Collected data:
----------------

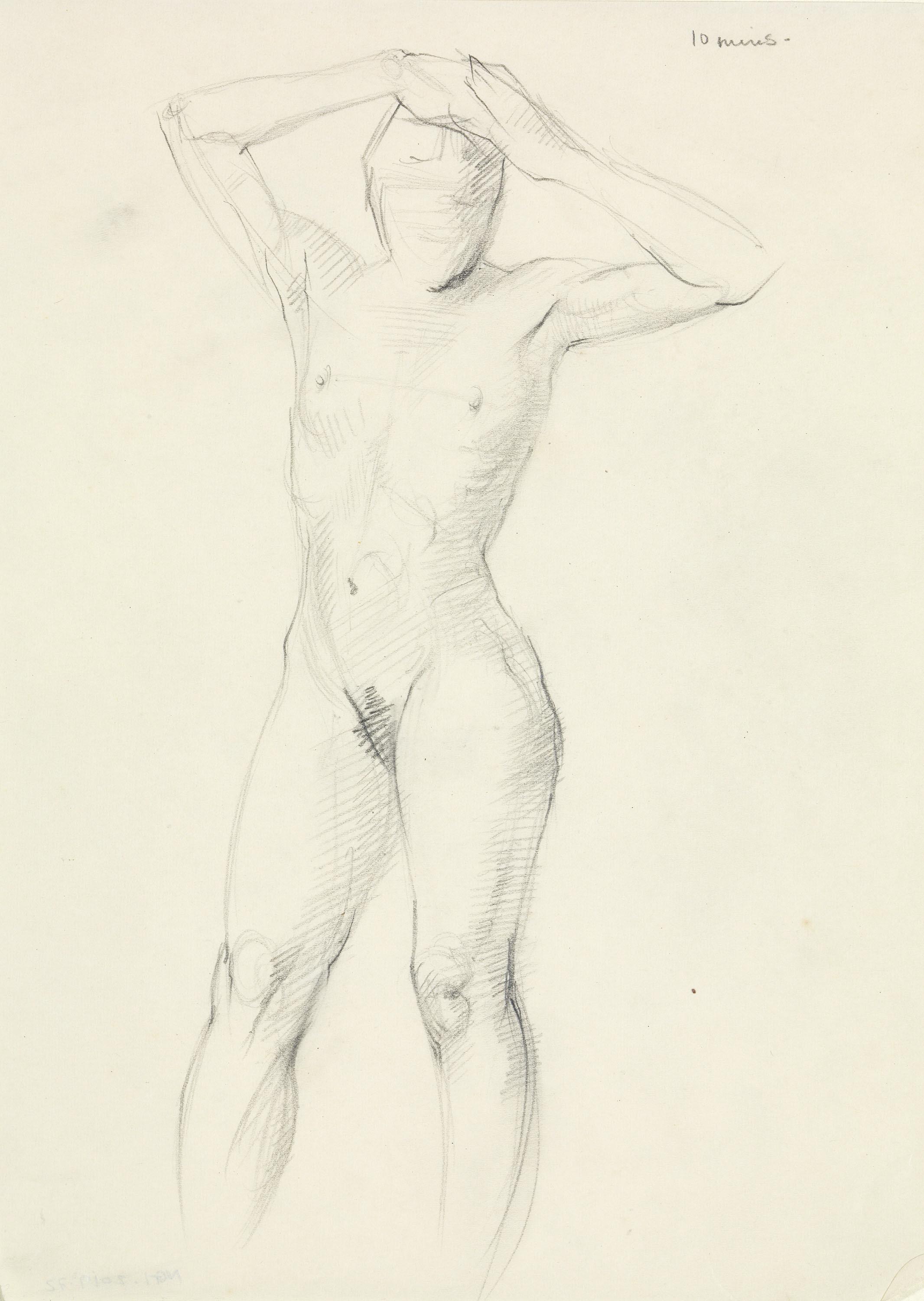 This representative collection of study material forms part of the Prints and Drawings collection. The group of works (ngi.2019.68-88) comprise figure drawings, produced during the artist’s time as a student of the Metropolitan School of Art, with many inscribed 1933, 1934 and 1937, along with a gouache of Ventry Bay, dated 1939, together with two later sketchbooks, dated 1969 and 1973. These enhance the collection of four sketchbooks by the artist, dated c.1931-34, acquired by the National Gallery of Ireland in 2018. This selection of works on paper forms part of a larger body of work, including figure drawings, poster and textile designs, gifted by the artist’s family to the NGI Library and Archive collections. This generous gift gives researchers a greater insight into the artist’s student work, along with the various strands of her output. The acquisition also enhances the work of Irish women artists within the collection.
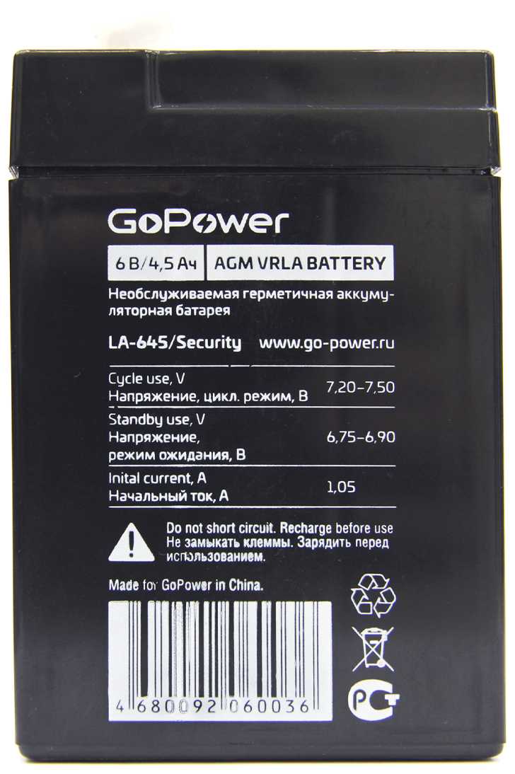80 отзывов пользователей o GoPower LA-645/security 6V 4.5Ah
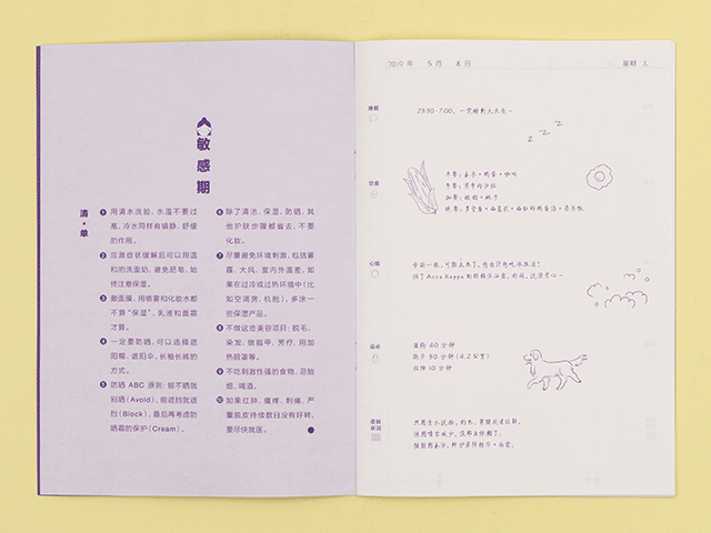 同样附有一本护肤手账,罗列了许多敏感期、维稳期的护肤注意事项以及营养建议,方便你随时查阅。
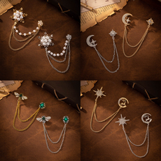 欧美胸针男士百搭衣领链徽章复古流苏链条衣领扣星月动物链条别针

----------------

Required action:
Please reproduce each line of the listing above exactly, skipping pictures.

Task solution:
 This representative collection of study material forms part of the Prints and Drawings collection. The group of works (ngi.2019.68-88) comprise figure drawings, produced during the artist’s time as a student of the Metropolitan School of Art, with many inscribed 1933, 1934 and 1937, along with a gouache of Ventry Bay, dated 1939, together with two later sketchbooks, dated 1969 and 1973. These enhance the collection of four sketchbooks by the artist, dated c.1931-34, acquired by the National Gallery of Ireland in 2018. This selection of works on paper forms part of a larger body of work, including figure drawings, poster and textile designs, gifted by the artist’s family to the NGI Library and Archive collections. This generous gift gives researchers a greater insight into the artist’s student work, along with the various strands of her output. The acquisition also enhances the work of Irish women artists within the collection.
80 отзывов пользователей o GoPower LA-645/security 6V 4.5Ah
 同样附有一本护肤手账,罗列了许多敏感期、维稳期的护肤注意事项以及营养建议,方便你随时查阅。
 欧美胸针男士百搭衣领链徽章复古流苏链条衣领扣星月动物链条别针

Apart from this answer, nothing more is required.